A person's credit score is a calculation -- made using formulas developed by credit reporting agencies -- of an individual's creditworthiness. Credit scores have a number of uses. Although primarily used by lenders to determine if and at what rate to issue a borrower a loan, they may also be used by employers or landlords to make an estimate of an individual's reliability. Unemployment does not affect a person's credit score.

Unemployment Benefits

    When a person loses his job, he may or may not be eligible for benefits issued by the government to the unemployed, colloquially referred to as unemployment benefits. These benefits are only temporarily provided to the worker while he looks for a new job. However, a public record of who is receiving unemployment benefits is unavailable.
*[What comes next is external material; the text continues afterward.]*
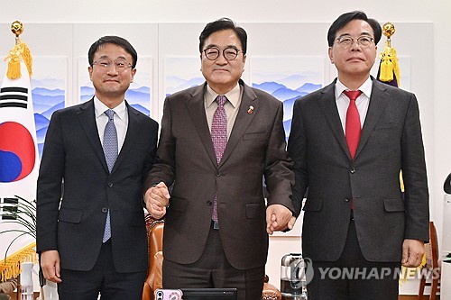 (서울=연합뉴스) 배재만 기자 = 우원식 국회의장(가운데)이 15일 국회 국회의장실에서 여야 원내대표 회동을 주재하기 위해 입장하고 있다. 사진 왼쪽은 더불어민주당 한병도 원내대표, 오른쪽은 국민의힘 송언석 원내대표의 입장 모습. 2026.1.15 scoop@yna.co.kr

Therefore, credit reporting companies cannot learn who is receiving these benefits.

Credit Report

    Credit reports -- the basis for credit scores -- include a variety of information about a person's financial status and credit history. However, credit reports include absolutely no information about a person's current employment or his income. Even if a credit reporting agency were to learn that a person was unemployed, it would not place this information in a credit report. Therefore, unemployment cannot affect a person's credit score.

Lending Decisions

    Credit scores are determined using only information included within a credit report. If information -- such as the fact that a person is without a job or is receiving unemployment benefits -- doesn't show up on the report, it will not have any impact on the person's credit score. However, individual lenders may still ask about a prospective borrower's employment status and may still make lending decisions based on this information.

Considerations

    Although being unemployed will not directly affect a person's credit score, it might indirectly affect it if the person goes deeper into debt due to his reduced income. If the person takes on too much debt or defaults on his debt, then his credit score will likely go down. Unemployment can make it difficult for the person to get out of this hole. making it an indirect cause of a bad credit score.